From Dr. Martina Scholtens, this is a collection of honest, vulnerable, and poignant stories from a ten-year career as a physician at a refugee clinic in Vancouver. As the Globe and Mail describes it, this stunning memoir is “both an eye-opening account for Canadians wanting to understand the challenges facing refugees and a strong argument for refugee health, including mental health, to receive dedicated treatment and funding . . . . Your Heart Is the Size of Your Fist is also about the person in the white coat: a mother trying to find balance between the personal and professional, and a doctor whose patients expand her notions of what a doctor should be.”  

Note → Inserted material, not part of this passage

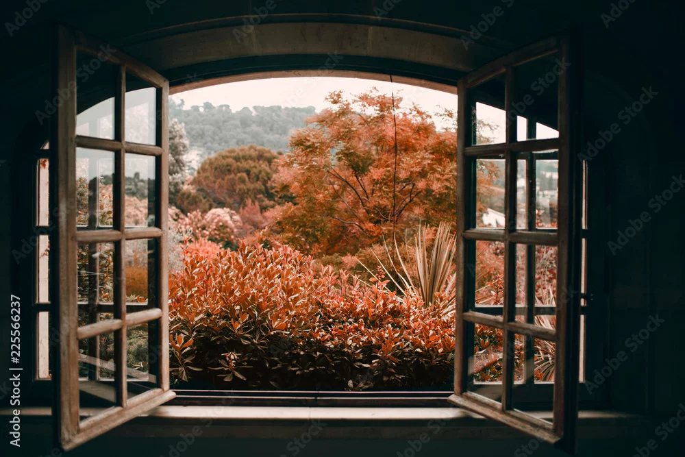 Obraz Jesień przez otwarte okno vintage

Radiant Voices edited by carla bergman

Inspired by EMMA Talks, a speakers’ series committed to amplifying the voices of thinkers, activists, scholars, artists, and community builders who are also women-identified, trans, and gender-nonconforming folks, this collection of essays “urge and coax us to soften ourselves to one another and the planet…a chorus of gorgeously diverse voices that share personal glimpses of their lives and remind us of what it’s like to be human. Both heart-opening and eye-opening, Radiant Voices is an important and necessary celebration of marginalized and triumphant voices” (Dani Burleson, editor All of Me: Stories of Love, Anger and the Female Body). 

It’s Only the Himalayas by S. Bedford

Humour, adventure, and little-to-no self-exploration are the themes of this travel memoir by indie backpacker S. Bedford, “a Canadian waitress who swears like a fishwife [and] goes to Boracay” (New York Times). Far from the poplar Eat Pray Love narrative of self-discovery, this year-long chronicle of laugh-out-loud events (running from lions in the dark, wearing Chucks to climb a mountain, learning that meditation is much more than just, as she calls it, “a successful re-branding of the nap”), this is a tale of one woman who, along with her aggravatingly perfect friend, tripped into one chaotic situation after another and lived to tell the tale.